I am also well pleased by the with the jam cleat (Not a Crochet) on the left front edge of my workbench.  I am contemplating and making inquiries about Moxon (see the thread at WoodCentral) and would like to figure out how that thing works.  The jam cleat or arrest works well with just one peg to support the height of the board at its proper location.  Push the piece in and start planing.  You can also use the bench as a height reference by allowing your fingers to touch the bench, so you can get a feel for the height as you plane.  Any time I can bring another sense into play, rather than relying on sight to check for smoothness or straightness, the better, especially as one ages.

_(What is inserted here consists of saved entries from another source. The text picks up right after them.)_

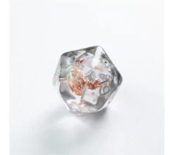 Like a geode the enclave dice Oakie Doakie Dice dark and solid on the outside, and glossy and translucent on the inside. Every die has a colored band in between the solid sides. With their mysterious appearance, these dice are perfect for those who like to go on an adventure.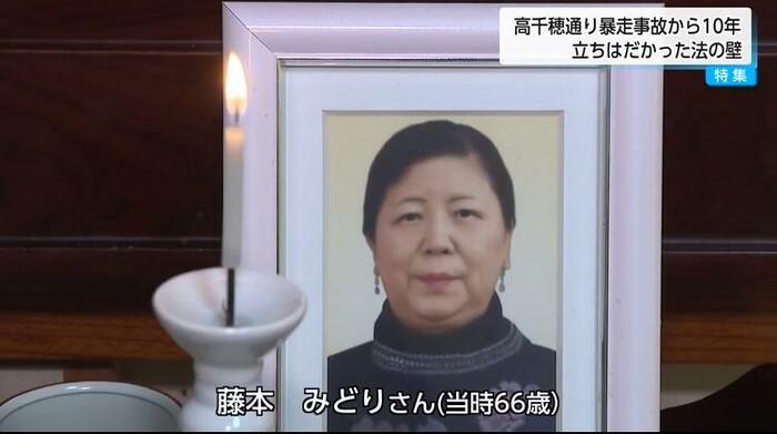 この事故により、藤本みどりさん(当時66歳)を含む2人が尊い命を落としたほか、4人が重軽傷を負った。藤本さんはこの日、旅行のチケットを受け取りに行った帰りに、悲劇に巻き込まれた。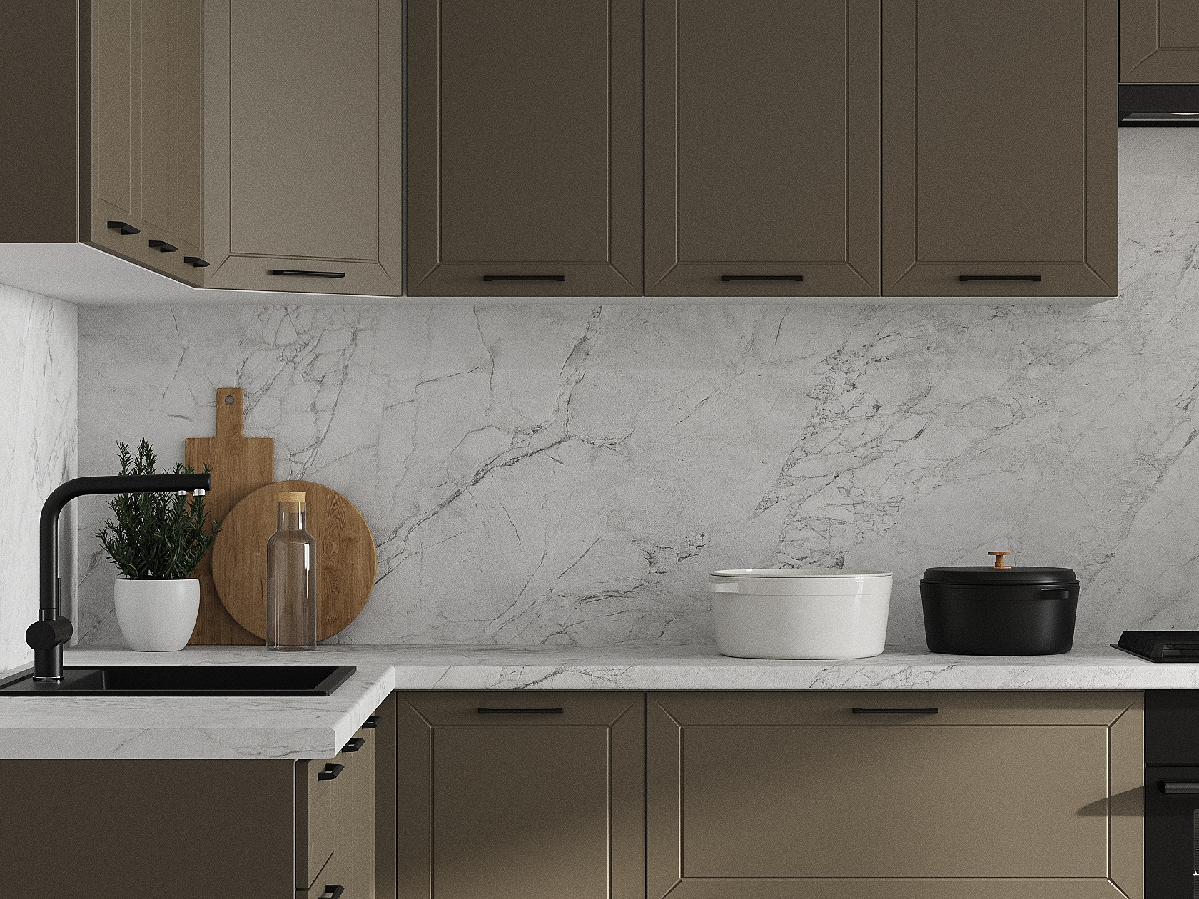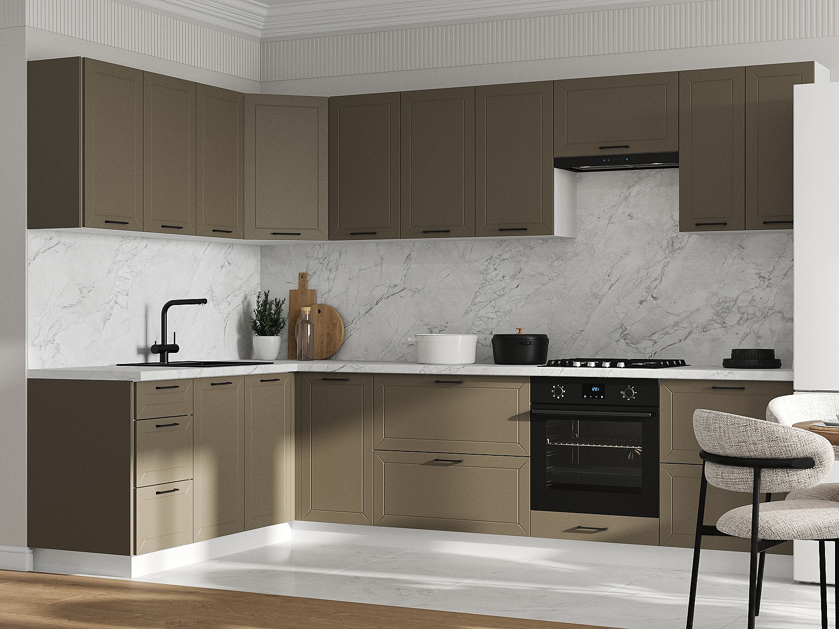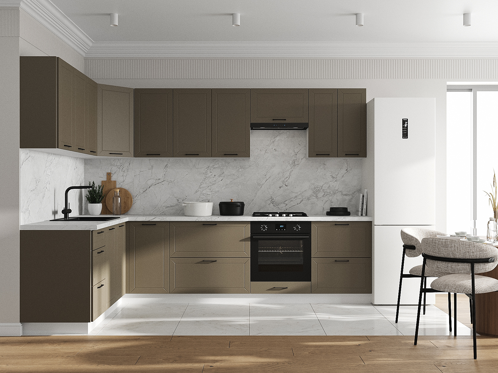 Кухонный гарнитур Вектор 300х180 см Белый / Базальт

Who says you can’t teach an old dog, old tricks?  Forcing myself not to use an end vise or face vise has been an interesting experiment and the results of which I will continue to practice.  It has not been difficult to wean myself from using vises, and had I not had this particular notion perhaps I wouldn’t have learned some valuable techniques.

I of course am not claiming authorship to any of this, I just looked at what was available during the early nineteenth century in terms of woodworking technology together with the extant examples we can examine and extrapolate and I put 2 and 2 together and got 22.

Stephen

July 18, 2008

Workbench Appliances Part II

Filed under: Hand Planing, Sawing, Uncategorized, Workbench — Stephen Shepherd @ 10:22 pm

Well, I decided I couldn’t or shouldn’t make one big post for these bench tools, so here are some more devices that make work easier.  I am always interested in making my work easier, I think all great inventions were intended to reduce work.  Put the laziest person in charge of the most complicated job and they will come up with the easiest solution.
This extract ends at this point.